Олег Кожевников - Лёд и пламя
Нейтрализация противника заключалась в том, что зашедшие внутрь бойцы подымали спящих финнов и скручивали им руки свёрнутыми в жгут простынями. Если противник начинал сопротивляться, его тут же ликвидировали. Связанных офицеров перегоняли в помещение, где были установлены туалеты и два душа. Планировка этого этажа была такая же, как и на нижнем, в казарме. Только здесь всё было сделано намного качественнее, и стены были обиты досками. Столовая смотрелась гораздо уютнее, в ней даже стояло пианино и бильярд. Помещения, где находились туалет и столовая, мы проверили в самом начале нашей зачистки.

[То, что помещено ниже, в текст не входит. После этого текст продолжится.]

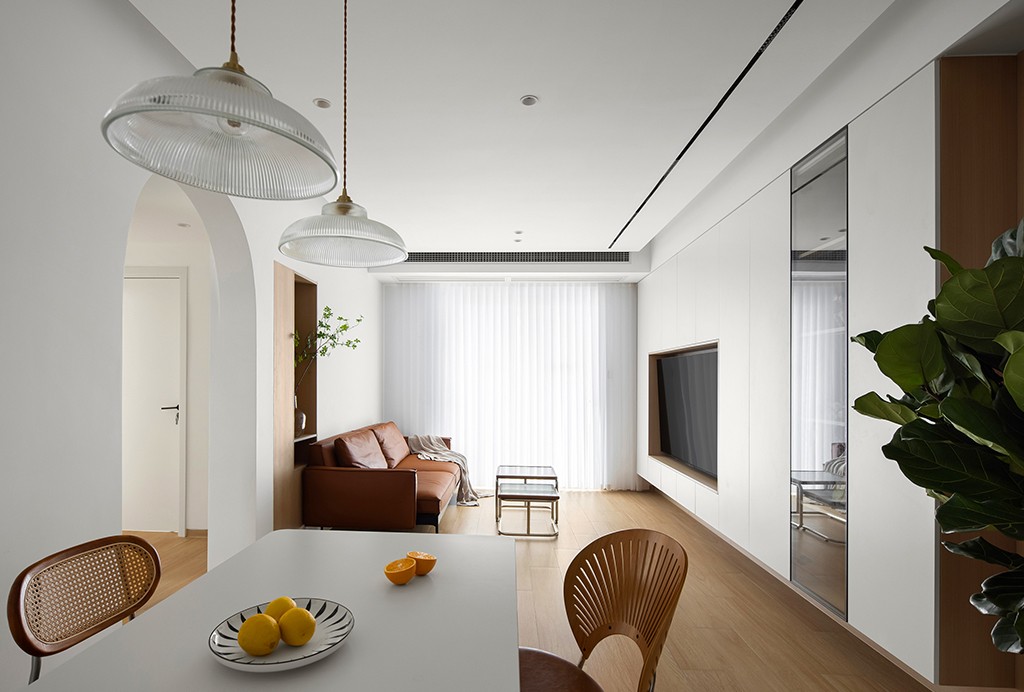 门洞加入了弧形设计,淡化直角尖锐,视觉美感柔和。

Когда ребята ворвались в последние двери, я не утерпел и зашел в комнату, откуда вывели меньше всего пленных, всего двоих финнов. Когда я включил свет, меня чуть не вывернуло наизнанку. Шесть кроватей из восьми были залиты кровью, в воздухе стоял запах, будто в скотобойне. На всех залитых кровью кроватях лежали трупы, с практически отделёнными от тела головами.
— Да, Шерхан, как всегда, в своём репертуаре, — подумал я, — вот же ленивый, балбес! Не любит себя ничем утруждать! А, что – прошёлся тут вдоль кроватей, топориком потюкал, и возиться с пленными не надо. Риска, опять же, никакого, а вдруг какой-нибудь упёртый финн возьмёт и вытащит из-под подушки пистолет.
Эта мысль меня почему-то зацепила, и я, как полный параноик, начал заглядывать под подушки на всех кроватях, где лежали трупы. Когда под одной из подушек я нашёл «Вальтер» на боевом взводе, я уже по-другому взглянул на действия Шерхана и его кровожадность.
Проанализировав все известные мне эпизоды проявления жестокости Наилем, я удивился. Каждый случай, когда Шерхан проявлял свою звериную натуру, совпадал с моментом, когда решалась наша судьба, собственно, наша жизнь и его, естественно, тоже. Когда всё было более или менее спокойно, это был милейший человек. Я даже сам видел, как он накладывал из своего котелка кулеш в миску финской девочке. Ребятишки из деревни Суомиссалми каждый день паслись в расположении нашей роты. И ни один из маленьких финнов не уходил домой голодным. Каждый уносил или булку хлеба, иногда банку консервов и почти всегда полную миску солдатского варева.
Получалось, что Шерхан никакой не кровожадный монстр, а человек, который просто очень хочет выжить. А гены предков, жестоких воинов Чингисхана, помогают ему это сделать. Наверное, Наиль, предчувствует беду, и таким вот способом безжалостно уничтожает грозящую ему смертельную опасность. Вот и сейчас, это единственная комната, где финны убиты во сне. В другом помещении, которое зачищала группа Шерхана, уничтожен только один финн. Да и то его зарезал Ежов, пырнув ножом, когда тот попытался оказать сопротивление.
Из этой вонючей финнобойни я вышел как раз в тот момент, когда из последней зачищенной комнаты выводили двух человек. Это были генерал Финской армии и какой-то человек, одетый в гражданскую одежду. Они единственные из всех захваченных нами пленных были одеты – один в генеральский мундир, второй в богато смотревшийся костюм. Остальных пленных сгоняли в санитарный узел в одном нижнем белье.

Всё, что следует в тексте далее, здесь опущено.